I have come to the conclusion that the LLDB debugger docs suck big time compared to the GDB manual that has all of the info in the one spot and at least it explains how things work and gives examples of inputs and some outputs. I cannot find anything like this for LLDB.
I have investigated the different ways of "controlling" the LLDB debugger and they are:- Direct via the command line like the GDB annotations does
- Via a LLDB/MI executable that is no longer part of the LLVM project, but a third party product now.
- Via the LLDB Scripting Bridge API (LLDB SB API)
This is what I have learnt from my investigations:- The LLDB command line is not documented enough to write a plugin easily and it also NOT guaranteed to be stable (aka not change). As such this is not viable IMHO.
- The LLDB/MI has a number of issues and is not fully compatible with the GDB/MI interface that it says it is. I could not get a s simple break point did not work that worked via GDB or via the LLDB command line. As such this has too many issues to consider being viable.
- The LLDB SB API is used by CodeLite and other IDE's. as per the docs "The SB APIs constitute the stable C++ API that LLDB presents to external clients....", so it should not change too much, if at all. Below is a simple example I found on the web and have been able to build and run to test the LLDB SB API.

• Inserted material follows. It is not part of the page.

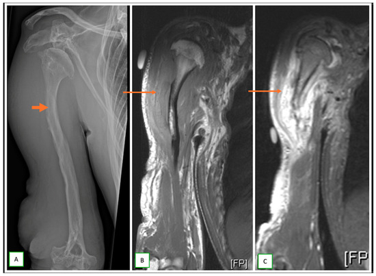 Plexiform neurofibroma in a 75-year-old man with a case of neurofibromatosis type 1 who presented with a right arm painful lump. The frontal radiograph of the right humerus (A) shows a congenital dysplasia/remodeling with a bowed gracile right humerus (Thick arrows). Coronal T1 (B) and coronal fat-saturated T2 (C) images show a plexiform neurofibroma (Thin arrows) which appears as a diffusely long segment enlargement of multiple arm nerves akin to a “bag of worms”.
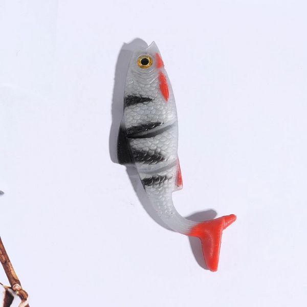 Приманки точно передають форму та колір малька окуня — виду, що водиться у більшості водойм України, а рухомий хвіст ідеально імітує швидкий рух живця

// https://github.com/llvm/llvm-project/issues/52769#include <lldb/API/LLDB.h>
#include <windows.h>
#include <iostream>
using namespace lldb;
int main()
{
SBDebugger::Initialize();
auto debugger = SBDebugger::Create(true);
debugger.SetAsync(false);
auto const appPath = R"(D:\\Andrew_Development\\Z_Testing_Apps\\Clang_printf\\bin\\clang_Printf.exe)"; // Path to the program being debugged
auto target = debugger.CreateTarget(appPath);
auto breakpoint = target.BreakpointCreateByLocation("main.cpp", 45); // Breakpoint location in the program being debugged
auto breakpointExit = target.BreakpointCreateByLocation("main.cpp", 153); // Breakpoint location in the program being debugged
auto process = target.LaunchSimple(nullptr, nullptr, nullptr);
while (true)
{
process.Continue();
auto const count = breakpoint.GetHitCount();
if (count % 10 == 0)
{
std::cout << count << " "; // We just print the number of times the breakpoint was hit every 100 times
}
auto const countExit = breakpointExit.GetHitCount();
if (countExit != 0)
{
break;
}
}
SBDebugger::Terminate();
printf("EXITING!!!!!!!");
return 0;
}
I am playing with the following library/libraries to plug the DAP interface code hole:
https://github.com/google/cppdap (https://github.com/google/cppdap)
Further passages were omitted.